COVID has impacted the creative industry, what kept you all motivated?
It’s been tough for sure. I’d be lying if I said there weren’t months during the past two years when I didn’t sink into despair. But these things come in waves I suppose. I know I was feeling pretty hopeless in the summer of 2020 and was having a hard time staying motivated in pursuit of creative endeavors. But when we did the music video shoot for “Bruises On Your Shoulders” in July 2020 it helped snap me out of it. I also remember getting a bounce in my step when the vaccine was announced in late 2020, as I was very eager to get back to performing. But as we know now, 2021 wasn’t all smooth sailing either. At one point last year we had 3 out of 4 shows get cancelled due to COVID within a couple of weeks. I remember at that point feeling incredibly frustrated and we kind of backed off booking as much around then. But like with anything, I guess you just gotta roll with the punches as best you can.
The last couple of years have been a time to reflect what did you learn about yourselves?
I took a personality test for the first time and it said that I am an ENTP Personality Type, which, as best I can tell, means I’m an asshole.
What are you listening to at the moment?
Recently I got turned on to a band called Vulpeck. Also been digging this guy JW Fancis. That new Get Backdocumentary led me to revisiting some of the Beatles and their respective solo work. There’s also this chick band out of Spain called Hinds that’s pretty rad.
Coming from Raleigh NC are there any local bands you’d recommend?
Charlie Paso. There’s a new band called Black Bouquet that’s pretty cool. A band called Pretty Crimes. There was also a band out of Chapel Hill called Cosmic Punk that I liked a lot but sadly they’re no longer active. Arson Daily as well.

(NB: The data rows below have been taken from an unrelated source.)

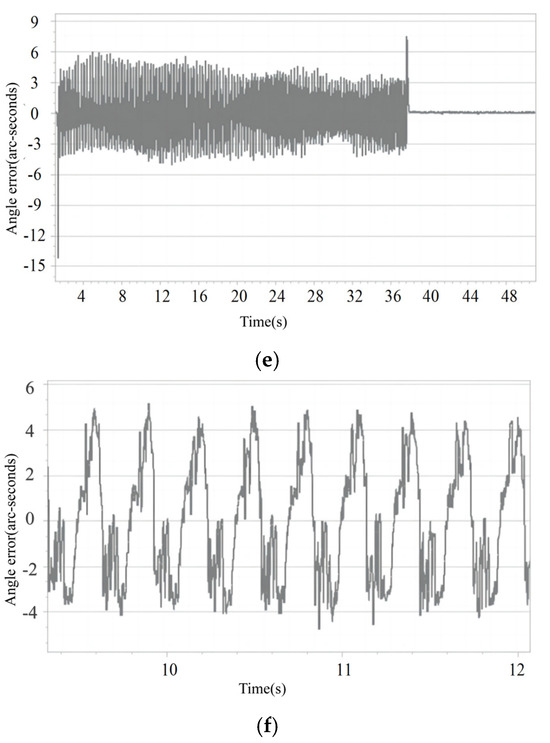 Figure 8c adopts the closed-loop control of the bearing position of the output harmonic reducer, i.e., participates in the vector control operation, while it is only used to calculate the control error. This strategy has good control precision in no-load. Figure 8d is a local enlargement of Figure 8c. It can be seen from Figure 8c that the control accuracy is significantly improved, compared with the strategy of position ring acting on PMSM bearings. The dynamic gear meshing deformation error of the joint module is plus or minus 15 arcseconds. Figure 8e shows the waveform of current loop ADRC, and Figure 8f shows the magnified local waveform. It can be seen from the waveform diagram that the gear meshing error was significantly improved, and the high precision of plus or minus 6 arcseconds was maintained at the speed of 200 rpm, thus breaking the accuracy limit of the reducer itself.
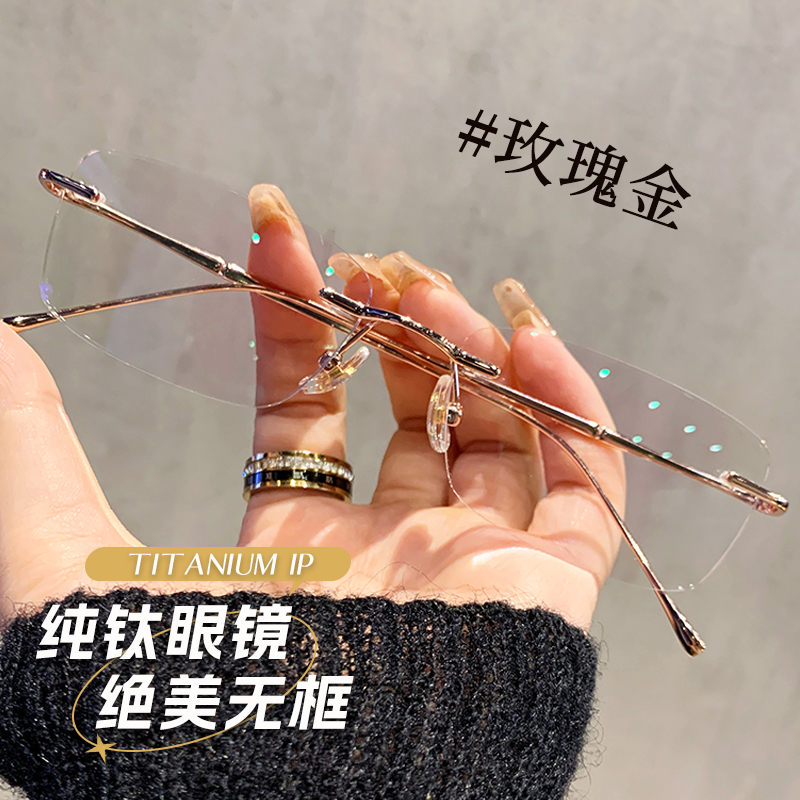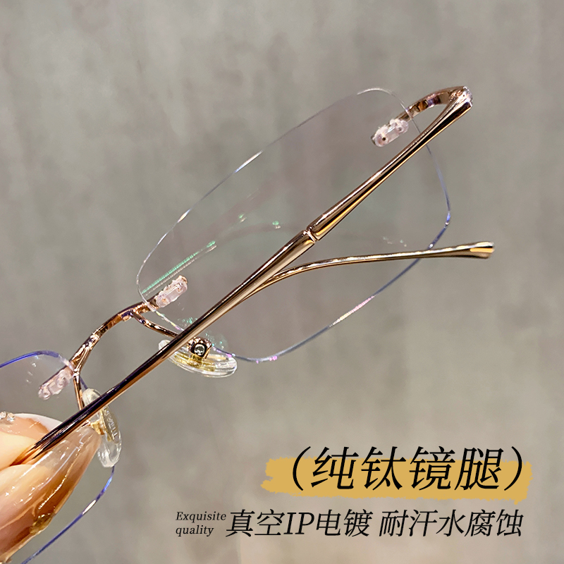 超轻纯钛无边框眼镜架女款近视可配度数防蓝光高级感纯欲方圆脸男
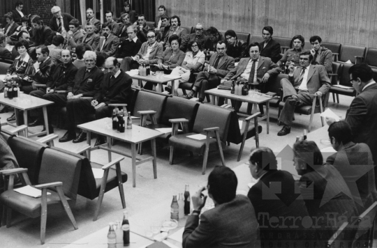 AZONOSÍTÓ: THM-BJ-00716a A rendezvény résztvevői. [A szocialista brigádmozgalom szovjet mintára az 1950-es évek végén kezdett kibontakozni Magyarországon, és rendszerváltoztatáskor szűnt meg. Kezdetben csak az ipari üzemekben és gyárakban alakultak meg a brigádok, majd az agráriumban és a hivatali szférában is létrejöttek. A mozgalom jelszava: „Szocialista módon dolgozni, tanulni és élni” volt.] HELYSZÍN: Szekszárd, Tolna megye DÁTUM: 1977 FOTÓS: Bakó Jenő
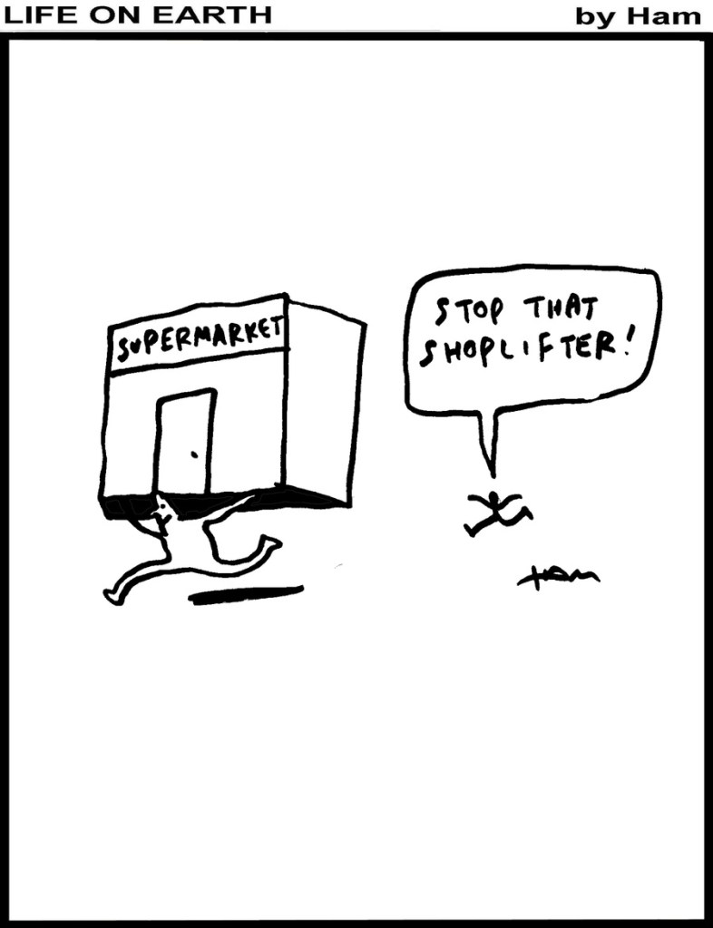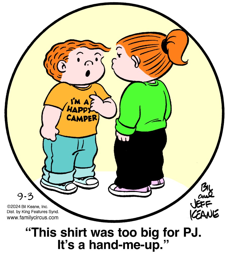 This “Bacön” comic (17-May-2024) was the third Friday in a row that Millsap attempted Peanuts-based satire (the other two weren’t much better). I never really liked Woodstock (nor the haphazard way that Schulz chose names for his newer characters), and it’s not the blood and gore that bothers me here. If a cartoonist is going to “borrow” characters for a gag, then it’s not enough duplicate the artwork: the characters need to retain their personalities, too. Snoopy never showed the slightest bit of hunting instinct in all five decades of Peanuts, so this comic is simply a dud.
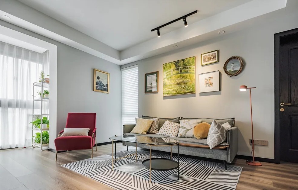 将原本L型阳台的隔断拆除, 部分阳台纳入到客厅空间, 不仅给客厅带来更加直接的采光, 也令整体空间更显宽敞。沙发背景采用了组合画的形式, 颜色材质尺寸各不相同, 但是整体又十分融洽

What are you looking forward to doing next?
I’m hopeful that in 2022 we’ll see things get more back to normal, particularly when it comes to live music. We were able to play some local shows and do a fair amount of touring some year, which was nice after not playing any shows for most of 2020. But things were still fairly limited/restricted. We’re just looking forward to getting back out there and playing more shows, connecting with new and old friends and fans, etc.